American call center company

TTEC Holdings, Inc. (formerly named TeleTech), is an American customer experience technology and services company with its primary place of business in Austin, Texas.

Kenneth D. Tuchman is the founder, chairman and CEO.

==History==

=== Founding and early developments (1982–1996) ===
The company was founded in 1982 by Kenneth D. Tuchman under the name TeleTech Holdings, Inc. In 1986, the company moved to Sherman Oaks, California.

By 1995, it had added call centers in other states. In 1996, it completed its IPO.

=== International growth and recent development (since 1997) ===
After the completion of its IPO, global operations begin. In 1998, the company expanded to Scotland, Canada, Argentina and Brazil. Three years later, the expansion continued and centers were opened in the Philippines. In 2006, TeleTech acquired Direct Alliance.

In 2010, TeleTech acquired an 80 percent stake in the management consulting firm Peppers & Rogers Group. The same year, the company expanded into the Middle East. Four years later, it grew its presence in Europe by starting operations in Sofia, Bulgaria.

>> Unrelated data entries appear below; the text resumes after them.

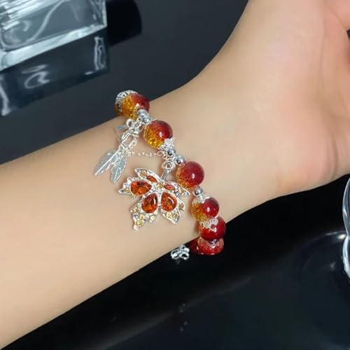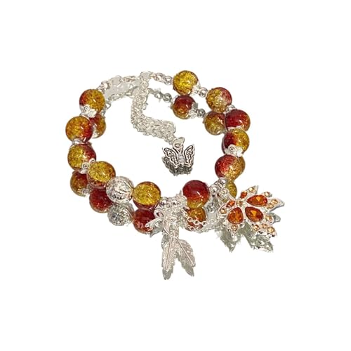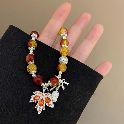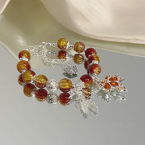 Maple Leaf Bracelet for Women Orange Red Beaded Maple Leaf Bracelet Autumn Crystal Maple Leaf Charm Bracelet Thanksgiving Bracelet Jewelry for Women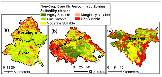 Recently, the FAO (Food and Agriculture Organization) of the United Nations (UN) conducted emblematic research and developed Agro-Ecological Zones (AEZ) to support sustainable agriculture at different scales including modeling at different scales, medium-scale zones, national-scale, and regional-scale zones, leading agricultural systems to be more productive and less vulnerable [14,15,16]. In this framework, several agroclimatic zoning approaches have been developed based on FAO’s AEZ methodology to produce optimal productivity zones (high, medium, low) [14,15]. The AEZ methodology, along with supporting computational tools, can be used for application at global, regional, national, and sub-national levels. Several research studies have applied agroclimatic zones to identify sustainable agricultural productivity zones in different climatic conditions [17,18]. There are many climatic and agroclimatic classifications, which focus on delineating the moisture conditions of crops [19,20,21,22]. The complexity of these studies depends on the number of employed variables, features, or indices, where the prevailing pattern is a combination of climatic and soil features, as well as crop parameters at topo-climate or field scale [23,24,25,26].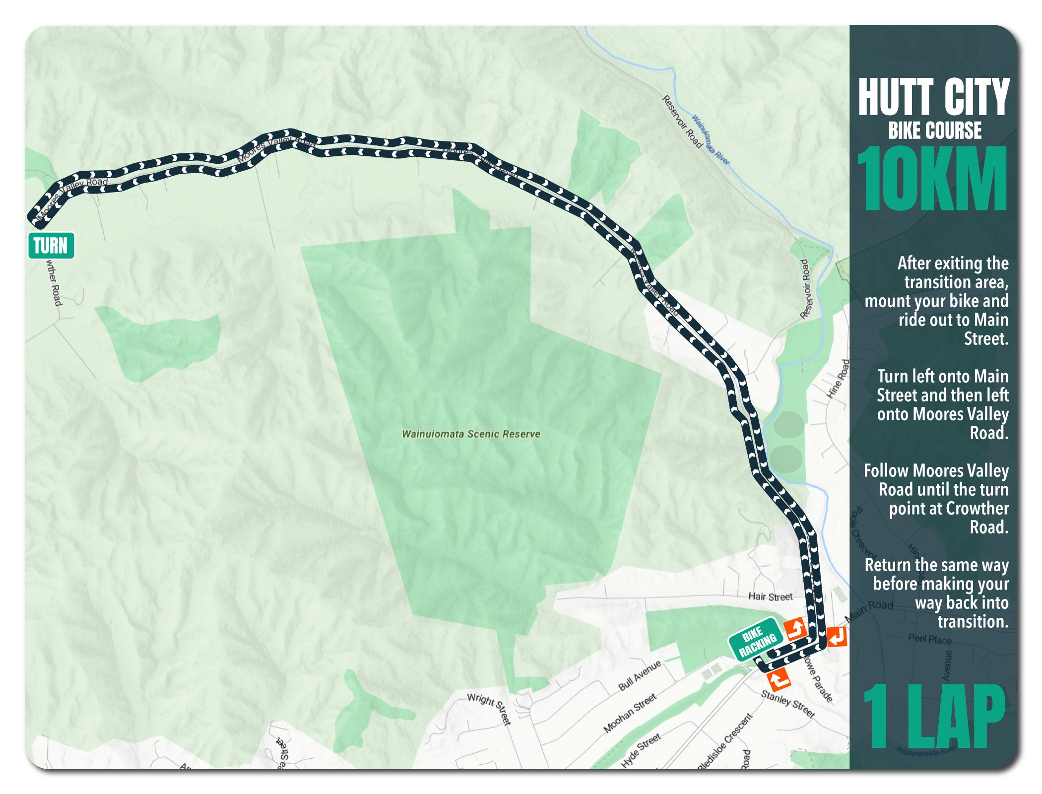 - Cycle: 10km (flat and scenic course, suitable for road or hybrid bikes)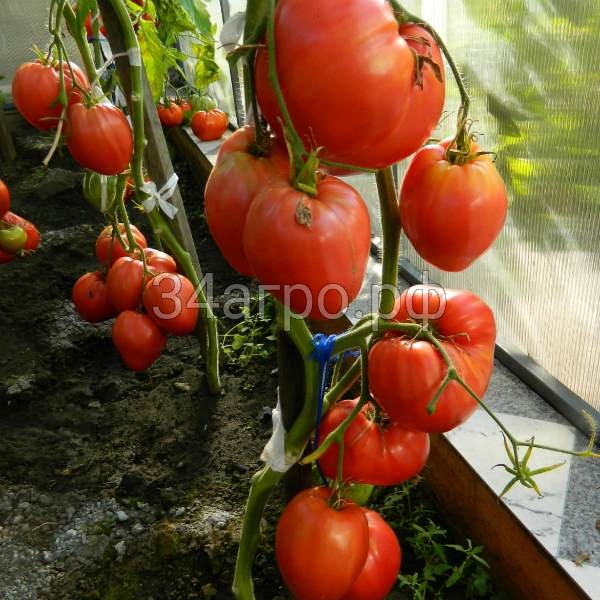Одно из лучших селекционных достижений нашей страны – томат Воловье сердце. Это сортовое негибридное растение, появившееся в 2000 году и изначально предназначенное для открытого грунта южных регионов. Но оно с успехом выращивается и в условиях защищенного грунта Сибири. Культура славится огромными сердцевидными помидорами с мясистой многокамерной мякотью и приятным ароматом. Отдельные плоды могут весить до 800 грамм, но основная масса 300-500 г. В теплице куст достигает двухметровой высоты, на гряде – полутораметровой. В любом случае, ему необходимо ограничить рост прищипкой, вовремя пасынковать, формировать и подвязывать. Выращивают в 2 стебля, высаживая по 2 куста на квадратный метр. Урожайность может достигать 7 кг/м2 (3.5 кг с растения). Отличная устойчивость к грибковым и вирусным заболеваниям. Сорт среднеспелый, до снятия первого урожая проходит 105-115 суток. Помидоры не подлежат долгому хранению, используются в салатах и соках (1 кг = 700 мл сока).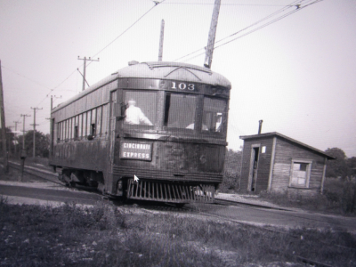 The trolley was a Cincinnati and Lake Erie (C&LE line) whose maintenance building was located just west of today’s Springboro Pike and Main Street intersection (see photo). The C&LE was a short lived electric high speed interurban streetcar/trolley railway that operated from 1930 to 1939 in Depression era Ohio. C&LE ran twenty high speed “Red Devil” interurban passenger cars between Cincinnati, Dayton, Columbus & Toledo. Red Devils were power efficient, lighter (among the first to be constructed with aluminum), passenger comfortable (with leather seats, toilet, luggage compartment) seating up to 44 people.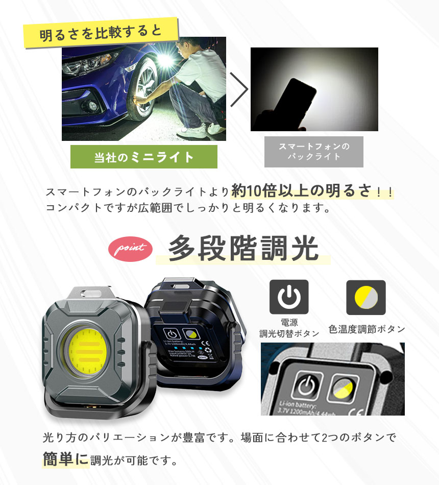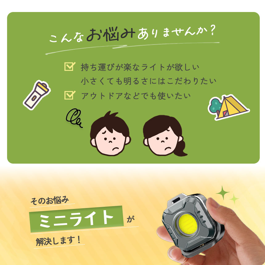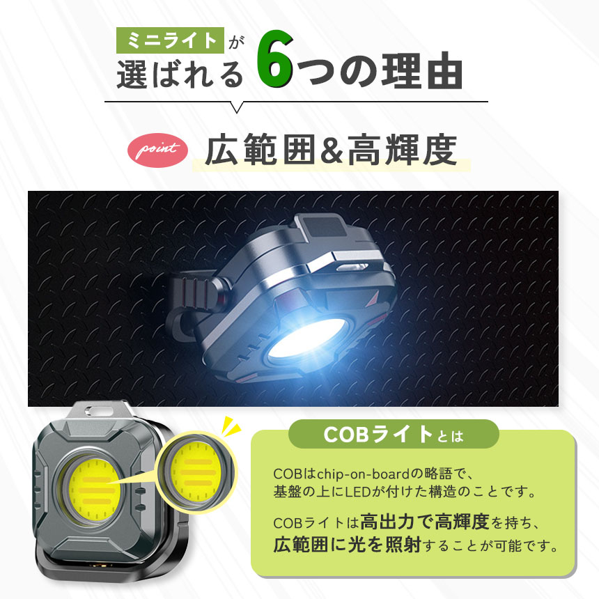 超コンパクト設計なのに高輝度!子供の登下校や停電・災害時、車点検などの作業、アウトドアなどなど小さくて明るいライトは様々なシーンで大活躍!!■商品の特徴■【広範囲&高輝度】COBライトは高出力で高輝度を持ち、広範囲に光を照射することが可能です。

In 2024, the company sold its headquarters in Englewood, Colorado, designating Austin, Texas, as its new head office in 2025.

In 2026 the company decided to slash 401k retirement benefits for its employees and redirect those funds towards AI initiatives. The move was widely criticized by employees as cold and demoralizing.

== Acquisitions ==
In recent years, TTEC has grown its business through a variety of acquisitions, including:
- 2011: eLoyalty Corporation (integrated contact services business unit)
- 2012: iKnowtion
- 2012: Guidon Performance Solutions
- 2013: Technology Solutions Group, Inc.
- 2014: Sofica
- 2014: rogenSi
- 2016: Atelka
- 2017: Motif India infotech
- 2017: Connextions
- 2020: VoiceFoundry
- 2021: Avtex
- 2022: Faneuil

== Products and services ==
TTEC is organized into two primary business segments: TTEC Digital and TTEC Engage.

In 2022, TTEC provided services in 21 countries: the United States of America, Australia, Belgium, Brazil, Bulgaria, Canada, Colombia, Costa Rica, Germany, Greece, India, Ireland, Mexico, the Netherlands, New Zealand, the Philippines, Poland, Singapore, South Africa, Thailand, and the United Kingdom.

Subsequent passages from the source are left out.